The waitress was efficient in the Bob Evans tradition, and before I knew it I was gazing on a platter heaped with fluffy eggs and hash browns. I set aside my smartphone, which was filled with news about major league spring training. In my excitement I reached for the squeeze bottle of ketchup, gripped it in both hands, aimed it hurriedly over the potatoes, and squirted several large gobbets directly into my lap.
As the waitress passed by, I said, “I squirted ketchup all over my pants.”
She nodded.
“By accident,” I said. “I did it by accident.”
“Of course you did, hon,” she said. With a quick pirouette she grabbed a fistful of paper napkins and dropped them next to my plate. An extra glass of water appeared, for dousing.
The restaurant was packed with happy customers, and discreetly I went to work scrubbing my lap, recalling that this was the only pair of pants I had bothered to pack for my brief trip. The ketchup smeared sideways and the water from the napkin sank deep into the fabric, and then the napkin began to shred, leaving a layer of paper filament stretched across my front. I rubbed more, hard. I was mid-rub when I thought what I must look like from the back, hunched on my stool and rubbing my lap with both hands, sideways and up and down and then sideways again, and I sat bolt upright.
“The napkins aren’t working,” I told the waitress.
“It’ll dry eventually, sweetheart.”
I returned to my farm-fresh eggs with dying enthusiasm. I cast glances at my smartphone but spring training couldn’t hold my interest. I ate what I could, paid while seated at the counter, and assessed my lap again. Even as the water dried the stains remained: large, uneven discolorations, centered on the flap of my zipper and outspreading like a map of the Finger Lakes.
Thirty paces and perhaps forty customers separated me from the front doors, which just then swung open. A high school girls’ soccer team tumbled in, rosy from morning practice, giggling.
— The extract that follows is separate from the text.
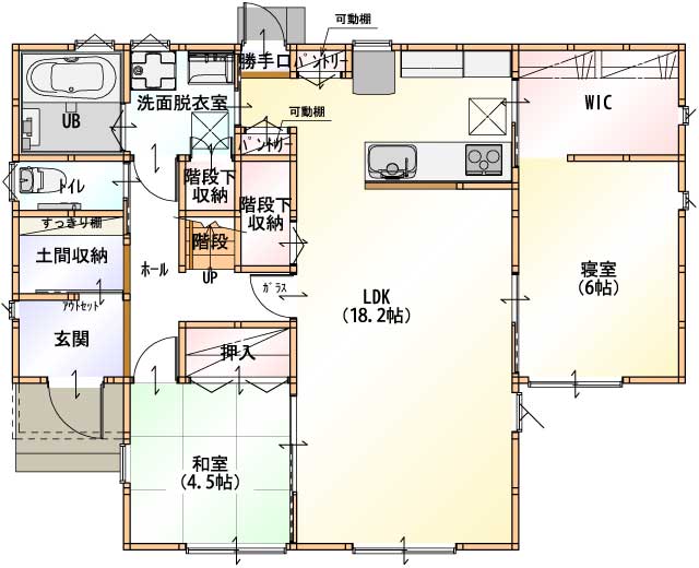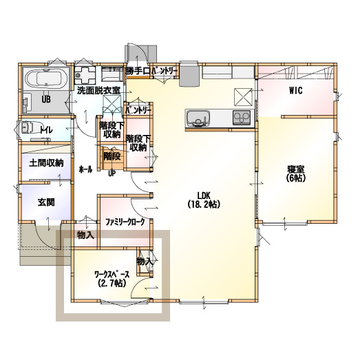 「平屋の様な間取りが良い!けど、プライバシーも考えて子供部屋だけは2階にしたい…。」といった要望を叶えたプランがこちら。平屋の様に1階で全ての用事が終わらせられる間取りとなっているので、子育て期は家事育児の動線の負担を減らし、子どもが親の手を離れた後の夫婦2人暮らしでも“平屋”として使い続ける事が出来るお家となっています。家族のあらゆる“変化”にも対応できる住まい感、いかがですか?

The lesson here is obvious. The digital age has its snares like every other age. In an earlier era I would have brought the Wall Street Journal to read at breakfast. Then, after covering my lap in ketchup, I could have folded the broadsheet and dangled it casually over my midsection as I parted my way through the giggling gaggle of girls. I might even have clowned with them a bit, avuncular-like, and nodded warmly as I headed to my car.
And now? “I need a menu to take home,” I told the waitress. The menu was as large as a broadsheet, larger than my shorts—a supersize Bob Evans codpiece.
Her friendliness vanished, as if I’d gotten Bob’s prize porker in a hammerlock and put a pistol to its head.
“No, you cannot.”
So I stood up, smoothed my dampened pants front, elevated my gaze, and walked on, a martyr to the digital age. By the time I reached the door the girls had gone completely quiet.